A HRSA-funded telehealth program deploys behavioral health video visits at 3 rural critical access hospital-affiliated clinics over 18 months. The grant final report states: “Behavioral health visit volume increased 35% following telehealth implementation.”

The 35% number is real. The question is what caused it.

The naive claim: The telehealth program produced a 35% increase in BH visit volume. This is a pre-post comparison with no counterfactual.

Challenge 1: Secular trend.

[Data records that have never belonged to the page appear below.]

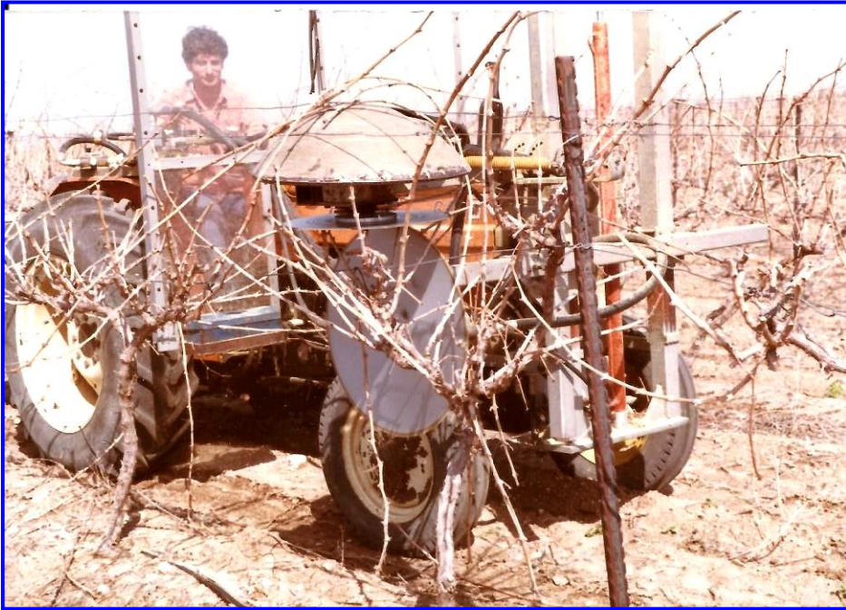
ענבי-יין. גיזום מכני (מכונה תוצרת בית) המפעיל ברוך רוזנסקי 1984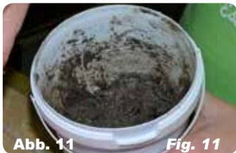
Abb. 11 Fig. 11 Vermischen Sie die Acrylfarbe mit der Modellierpaste für den gewünschten Farbton.

Put on the modelling paste. To get the desired consistency mix it with some water.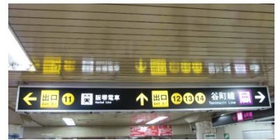
出口11付近にある誘導表示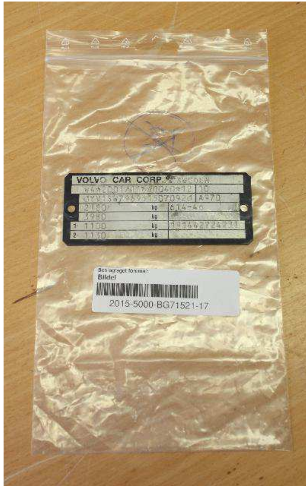
Fotografier på beslag 2015-5000_BG71521-17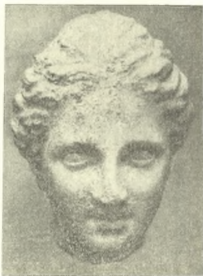
α β Εἰκ. 6. Μαρμάρινα κεφαλαὶ κορασίδων 4 ου π.Χ. αἱ.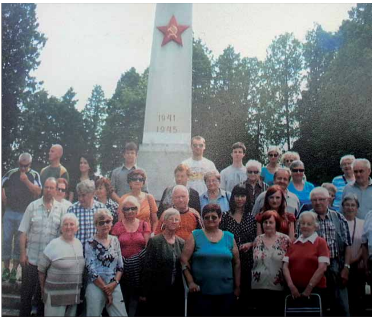
Účastníci poznávacieho výletu do Žiliny.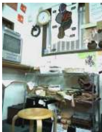
天王町店 フェアトレードコーナー

10月17日の“世界貧困撲滅キャンペーン”に今年も参加し、支援先の情報を発信し、現状について学び・知る場とします。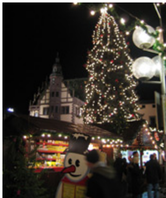
Schweinfurt – Markt platz

Decemberben rendezik meg a hagyományos Karácsonyi vásárt. Ez 1 hónapig tart a Marktplatzon. A leghíresebb karácsonyi vásár Nürnbergben található. Érdeemes belekóstolni a német forralt borba.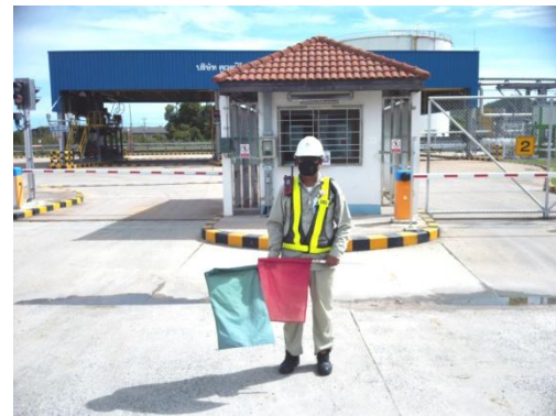
รูปที่ 2 เจ้าหน้าที่บริเวณหน้าประตูทางเข้า-ออก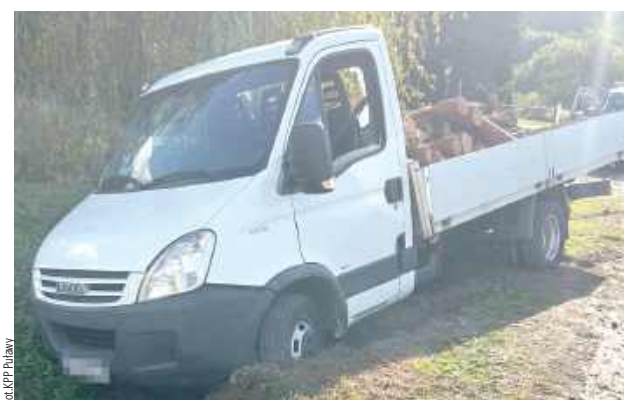
Kierowca Iveco zjechał do rowu. 63-latek wydmuchał ponad 2 promile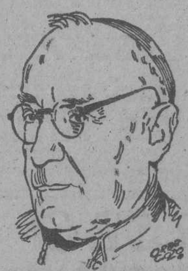
DR. PLA Y DENIEL

TOLEDO, 16.—En el Palacio Arzobispal se ha facilitado esta tarde la siguiente nota: "El Eminentísimo Sr. Cardenal Arzobispo de Toledo y Primado de España, ha hecho constar ante el mundo su protesta formal por el vil atropello cometido contra la libertad religiosa e independencia de la Iglesia, ante la injusta y sectaria condena de Monseñor Stepinac, Arzobispo de Zagreb y Primado de Croacia, elevan a Su Santidad protesta contra tal atropello libertad religiosa e independencia Iglesia y ofrendan a Su Santidad testimonio de filial adhesión y de estrecha fraternidad entre todos los miembros Cuerpo místico de Cristo, Cardenal Primado España". Los católicos españoles empiezan a manifestar su viva indignación producida por sentir heridos los más delicados y profundos sentimientos religiosos y la conciencia nacional católica de nuestra Patria. El Eminentísimo Sr. Cardenal Primado durante su estancia en Zaragoza y Madrid, ha recibido patentes muestras de ello. Asimismo ha recibido el siguiente telegrama: "Acción Católica burgalesa protesta indignada crámen seudolegal Monseñor Stepinac, renovando firmísima adhesión Iglesia Católica, Presidente".—(CIFRA).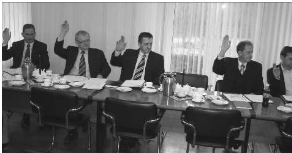
Głosowanie nad przyjęciem uchwały budżetowej na 2012 rok było jednogłośnie

Na rozbudowę i adaptację budynku wielofunkcyjnego w Mszanie przeznaczono w tegorocznym budżecie 2,5 mln złotych. Na renowację centrum Połomi, która będzie realizowana przez dwa kolejne lata zabezpieczono 4,3 mln złotych (na tej inwestycji gmina dostanie jednak 85 proc. dofinansowania z Regionalnego Programu Operacyjnego). - W trudnych czasach mamy budżet nastawiony na inwestycje, ale jeśli chcemy, aby gmina się rozwijała, innej decyzji nie może być - komentuje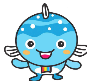
宮崎市河川浄化イメージキャラクター カワット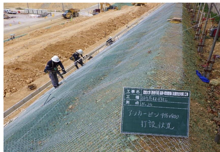
写真⑥ (法面保護工3段目 アンカーピン打設状況)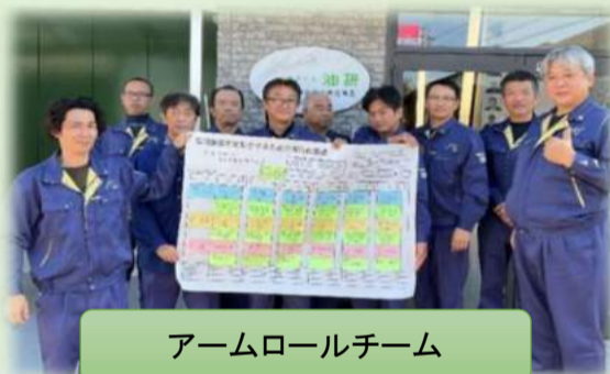
アームロールチーム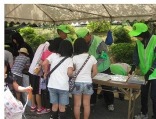
「子どもまつり」における防犯クイズの実施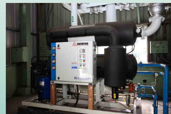
檢測數據進行空壓系統整合 - 精算實際需求風量後整合乾燥機減少台數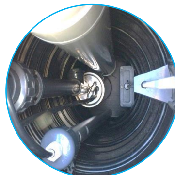
Option Irrigation avec système IRRIGO® - Sortie Haute

INSTALLATION : En complément de la notice de pose fournie avec l'unité d'épuration, l'installateur devra respecter les règles du DTU 64.1. « Mise en œuvre des petites installations d'assainissement autonome ».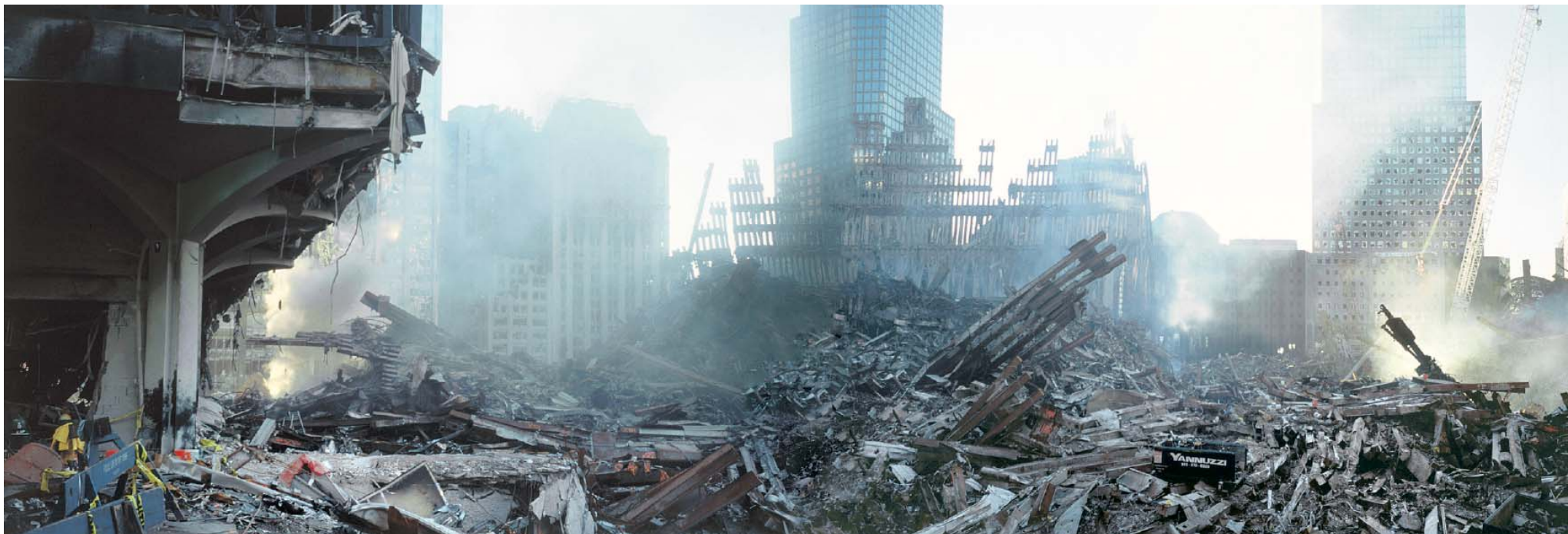
'Assembled panorama of the plaza, looking south and west', 2001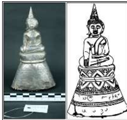
ภาพที่ 8 พระพุทธรูป แบบ (7.1) จากบ้านนาบอน จังหวัดหนองคาย (หมายเลขทะเบียน 25/2556)

1.2 แบบที่ 2 (7.1) ฐานลายกลีบบัวคว่ำ – บัวหงายกลีบตั้งตรงโดยกลีบบัวคว่ำ – บัวหงายซ้อนกัน ขอบกลีบบัวด้านนอกตกแต่งด้วยลายขีด หรือเส้นวงกลม ฐานใต้ชั้นบัวคว่ำจารึกอักษรธรรมอีสานหรืออักษรไทยน้อย มีเส้นลวดบัว หรือเส้นเม็ดกระดุมคั่นตรงกลาง ช่องว่างระหว่างกลีบบัวขีดเส้นตรงในแนวตั้งเต็มช่อง ฐานสูงรูปกรวยหัวตัด มี 4 ชั้น พบที่บ้านนาบอน จังหวัดหนองคาย จำนวน 2 องค์ หมายเลขทะเบียนน 23/2556 และ 25/2556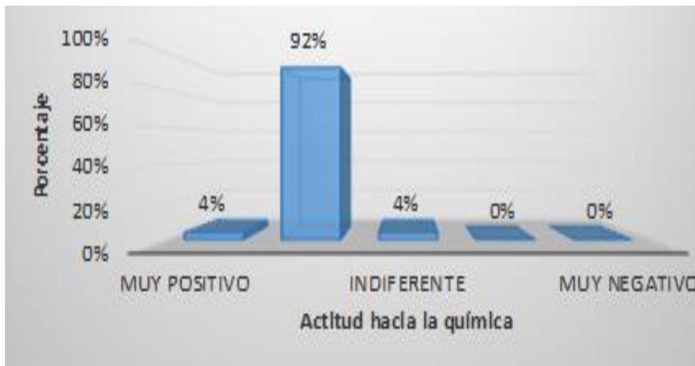
Figura 6: Distribución de frecuencias de la actitud hacia la química con respecto a la dimensión interés por la asignatura de química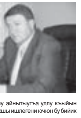
КъМР-ни Башчысыны бла Правительствоуна пресс-службасы.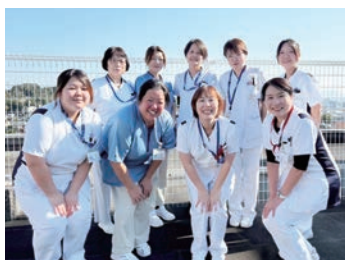
「淳風会リクルートサイト」もご参照ください

多職種と密に連携を図り、チーム医療を実践しています。患者様一人ひとりに最善のケアを提供するべく、ケースカンファレンスやNSTカンファレンスを毎週開催するなど、職員全員で患者様をサポートしています。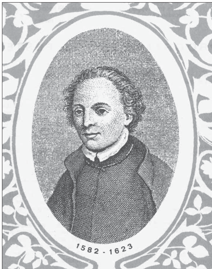
Gravat romàntic del rector de Vallfogona segons les edicions del 1840 i el 1856.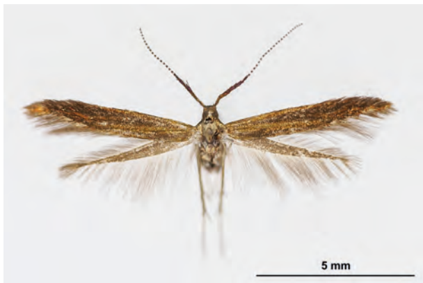
Fig. 11: Coleophora variicornis TOLL, 1952 (Seite 41) Oderberg/Geistberg (03.VII.2017 TF Männchen leg., det. genit. et coll. Schwabe). - Nur in den Bundesländern Bayern, Brandenburg und Sachsen nachgewiesen; Aufn. K. Schwabe.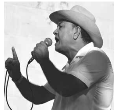
El punto cubano logró su espacio dentro de la Fiesta de la cubanía

Entre las actividades más importantes, figuran la Fiesta del aliño, idea del cantautor Raúl Torres, concierto con el Quinteto Rebelde, presentación del grupo Moncada, recorrido de la Guerrilla de Teatros por Campechuela y el Primer clásico regional de repentismo Mi tierra es Así.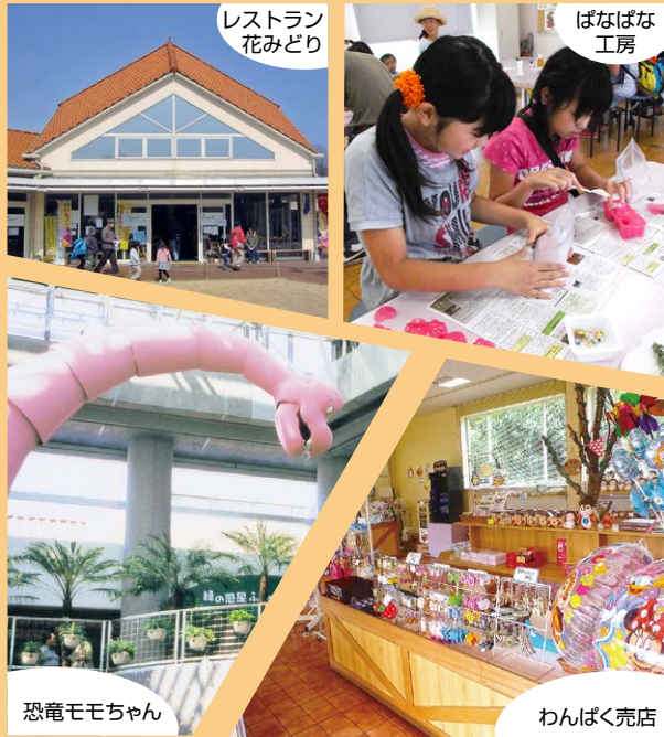
レストラン 花みどり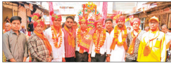
हरिभूमि न्यूज ▶▶ आरोन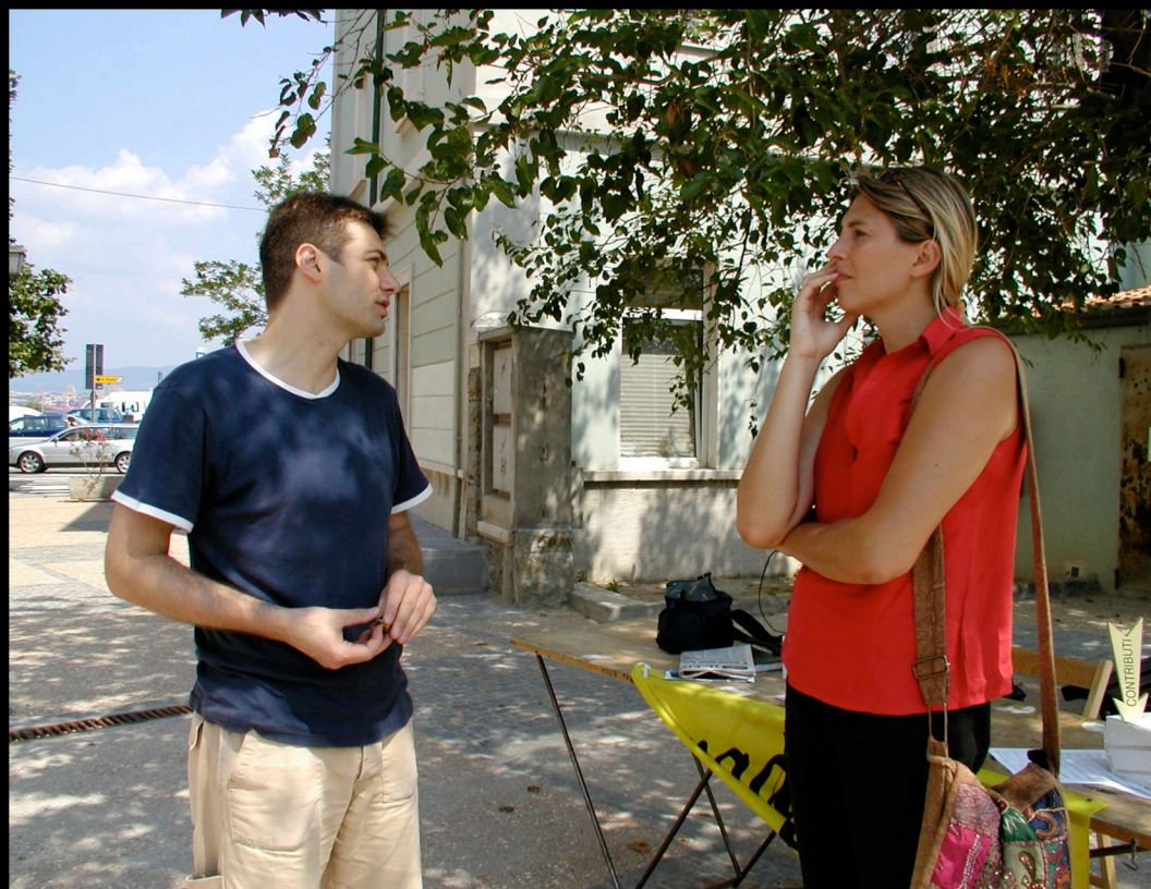
Referendum sulla procreazione medicalmente assistita - Tavoli di raccolta firme - Muggia (TS) 05/08/2004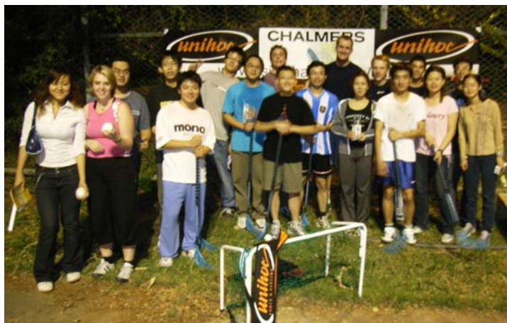
Unihoc-spelare är vi allibopa. Uppslutningen var stor vid Taiwans nypremiär.

Förväntansfulla och nyfikna studenter fick tidigare ikväll vara med om en världs(ny)premiär, då unihoc (=innebandy) introducerades i Taiwan, på NCTU i Hsinchu.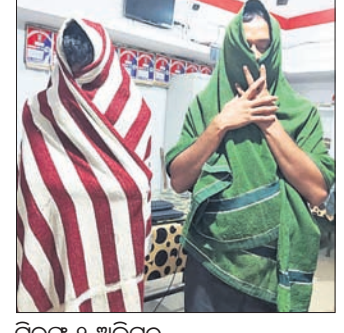
ଗିରଫ ୨ ଅଧିକାରୀ

ବାଲେଶ୍ୱର/ରେଘୁଶା, ୨୧୦ (ଡି.ଏନ.ଏ.) ବାଲେଶ୍ୱର ଜିଲ୍ଲା ଶେରଗଡ଼ ଟୋଲଗେଟ୍ ନିକଟରୁ ଖରାପତା ପୋଲିସ୍ ଦୁଇ ନକଲି ଏସ୍ତିଏସ୍ ଅଧିକାର ଗିରଫ କରିଛି।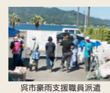
呉市豪雨支援職員派遣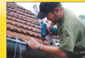
Montage einer Elektro-Zaunanlage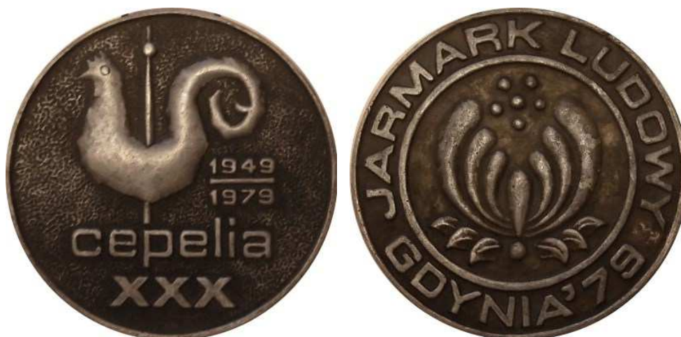
Cepelia XXX. Jarmark Ludowy, Gdynia '79. Projekt, model i wykonanie - Teodor Kawecki - 1979 r. Odlew w cynku, Ø 64 mm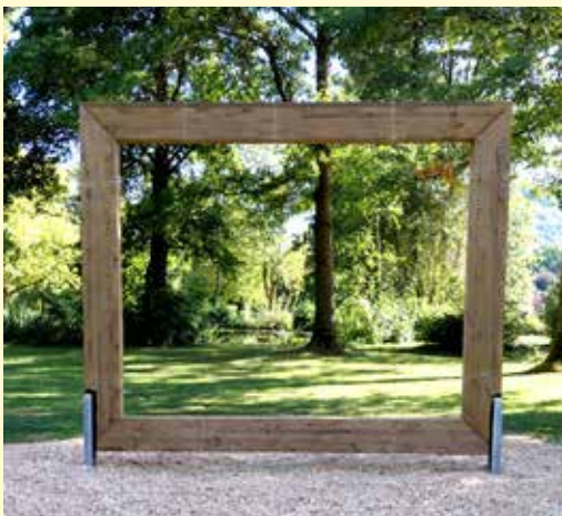
Der TalVITAL-Bilderrahmen

Im Park kamen Mitglieder der Jugendfeuerwehr mit den Besucherinnen und Besuchern ins Gespräch, beantworteten mit viel Begeisterung Fragen rund um das Thema „Feuerwehr“ und luden die Kinder an einem Mitmachstand dazu ein, selbst in die Welt der Feuerwehr hineinzuschnuppern. Offiziell eingeweiht wurde ein neues Highlight im Kurpark: ein Fotospot in Form des TalVITAL-Bilderrahmens. Dieser lädt dazu ein, selbst Teil des Motivs zu werden – Gäste konnten sich darin positionieren und ein originales Erinnerungsfoto „im Bildrahmen“ aufnehmen.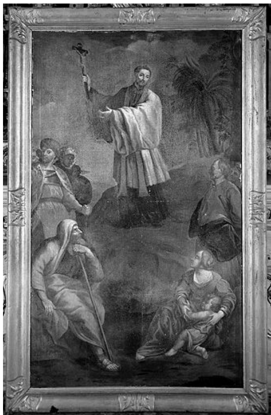
Saint François Xavier évangélisant les Indiens.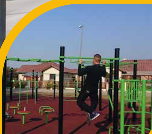
Elkészült az új kondipark

Mennyiségi növekedés helyett minőségi fejlődésre van szükség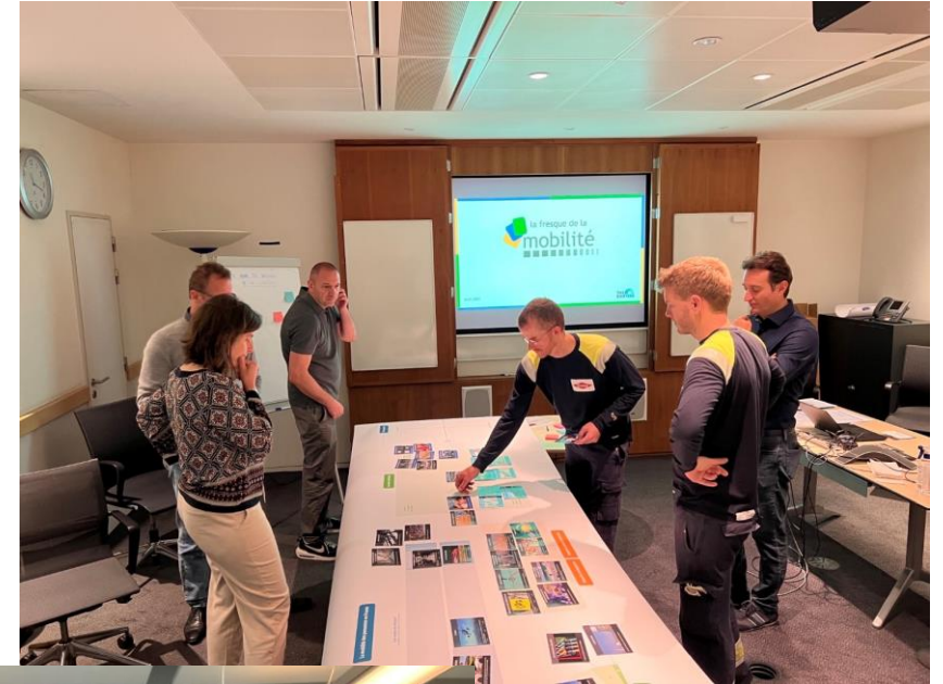
Fresque de la Mobilité Dow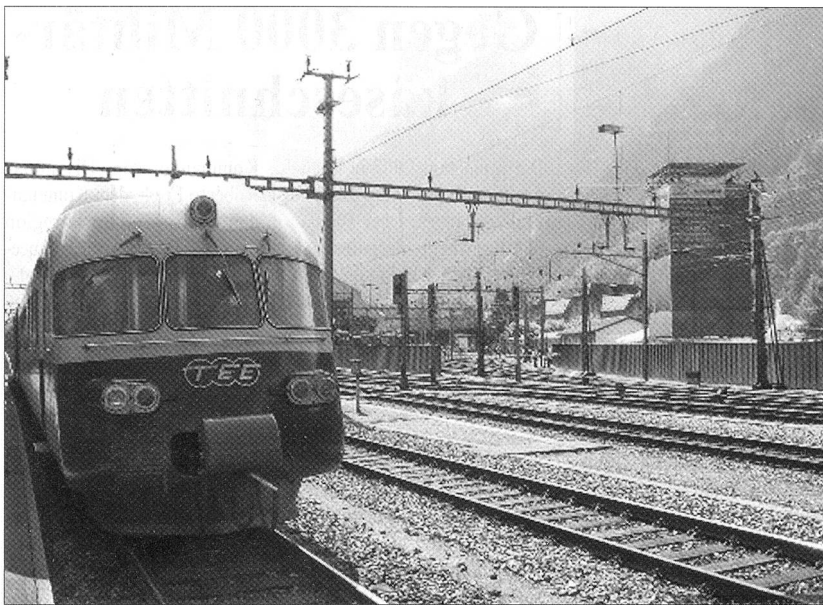
Erstfeld: Auch der legendäre RAe 1053 ist bereit zur Fahrt über den Berg.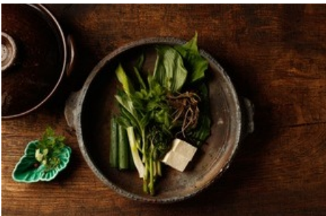
Ein Leckerbissen: Satoyama Jujo Resort in Niigata

Statewide behavioral health visit volume increased 20% over the same 18-month period, driven by expanded Medicaid BH coverage, parity enforcement, and growing public awareness. The telehealth program’s incremental effect above the secular trend is at most 15 percentage points.

Challenge 2: Confounding intervention. One of the three sites hired a new licensed clinical social worker during the grant period using non-grant funds. That site’s BH volume increased 55%; the other two averaged 25%. The new hire, not the telehealth platform, likely drove the outlier site’s results. Including the confounded site inflates the program-wide estimate.

Challenge 3: Regression to the mean. The 12-month pre-period included 6 months of COVID-era volume depression. BH visits during the baseline were 30% below the site’s 3-year average. Some of the observed “increase” is recovery to normal volume, not program effect.

Rigorous analysis: An interrupted time series using 24 months of pre-implementation monthly visit data and 18 months of post-implementation data, controlling for statewide BH visit trends, estimates the program effect at 8-12% — a real but substantially smaller effect than the naive 35% claim. Excluding the confounded site narrows the estimate further to 6-10%.

What the grant report should say: “BH visit volume increased 35% during the grant period. Adjusting for statewide trends and site-level confounders using interrupted time series analysis, we estimate the telehealth-attributable increase at 8-12%. The program produced a meaningful but modest effect on visit volume, with larger effects on access metrics (reduced travel burden, expanded appointment availability) that are less susceptible to the confounders affecting volume.”

Both numbers — the 35% and the 8-12% — belong in the report. The methodology should be transparent. Funders who see only the 35% will eventually encounter a reviewer who asks the counterfactual question. Programs that have already answered it demonstrate evaluation credibility that strengthens continuation applications.


Why This Matters for Grants

The stakes are shifting. Federal funders — particularly HRSA and SAMHSA — are increasing expectations for evaluation rigor. The CDC’s Framework for Program Evaluation in Public Health (1999) established the standard: evaluation should address attribution, not merely document implementation. HRSA’s Evidence-Based Practice guidelines and SAMHSA’s GPRA requirements both push toward outcome measurement with credible methodology.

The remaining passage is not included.